- Estudio Alvarez Calderón
Investments in Work for Taxes is reaching its lowest level since 2015
Promo Inversion the government entity that promotes the investment mechanism of work for taxes indicates that so far this year there are 9 projects worth S/.254 million earmarked for this mechanism which is below the amount considered for this year of S/.701 million.
In 2017 71 projects were approved for S/927 million. This is due in part for the uncertainty to invest in the public and private sector in general. Another reason is that the system is new for the Promo Inversion authorities who are learning how to use it.
Work for taxes allows a private sector taxpayer that has a substantial amount of funds to pay as income taxes to use those funds to invest in public sector projects of rural electrification, fishing, sports, environment, urban empowerment, social protection, social development, transport, communications and justice besides infrastructure in public sector real estate properties approved by Legislative Decree 1250 in 2016. In terms of sanitation, the execution of public investment projects includes the operation of said projects for a period of 1 year.

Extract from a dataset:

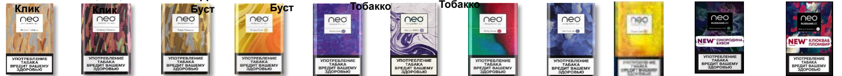
нео Деми Смуз Табакко нео Деми Крими Табакко нео Деми Брайт нео Деми Тропик нео Деми Фрут Клик нео Деми Ванилла Клик нео Деми Руби Буст нео Деми Берри Клик нео Деми Тропик Лут нео Деми Полярная Смородина нео Деми Сибирская Клюква
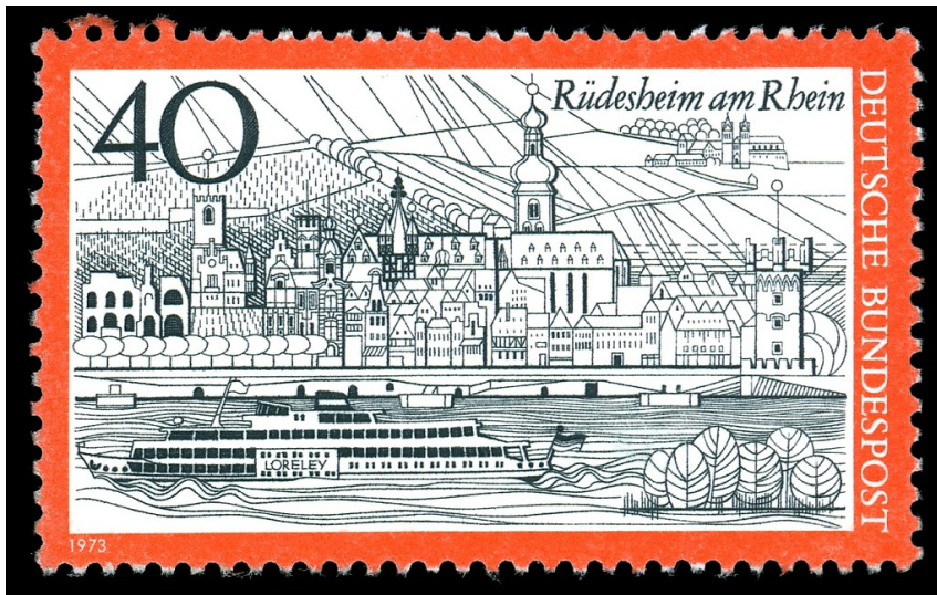
Schematische Darstellung der Stadtsilhouette von Rüdesheim am Rhein auf einer Briefmarke der Serie "Fremdenverkehr" der Deutschen Bundespost von 1973. Auf dem Rhein fährt ein "Loreley" benanntes Ausflugsschiff.

The scheme was approved by Law 29230 that promotes regional and local public investment with participation of the private sector. Supreme Decree 409-2015 regulates article of Law No. 30264, which incorporates the entities of the national government in the scope of Law No. 29230. Article 17 of Law 30264 establishes measures to promote economic growth. It allows the national government to execute Works for Taxes.
The national government assigned S/11800 million for execution of projects through work for taxes for regional and local governments and public universities. Of this amount S/9000million are distributed among the 1800 municipalities, S/1873 to regional governments. The regional government of Ancash has S/568.5 million to invest while Arequipa, Cajamarca, La Libertad, Lima, Moquegua, Piura, Puno and Ucayali do not have access to these funds in 2019. This is due because they have not complied with fiscal regulations in the previous years.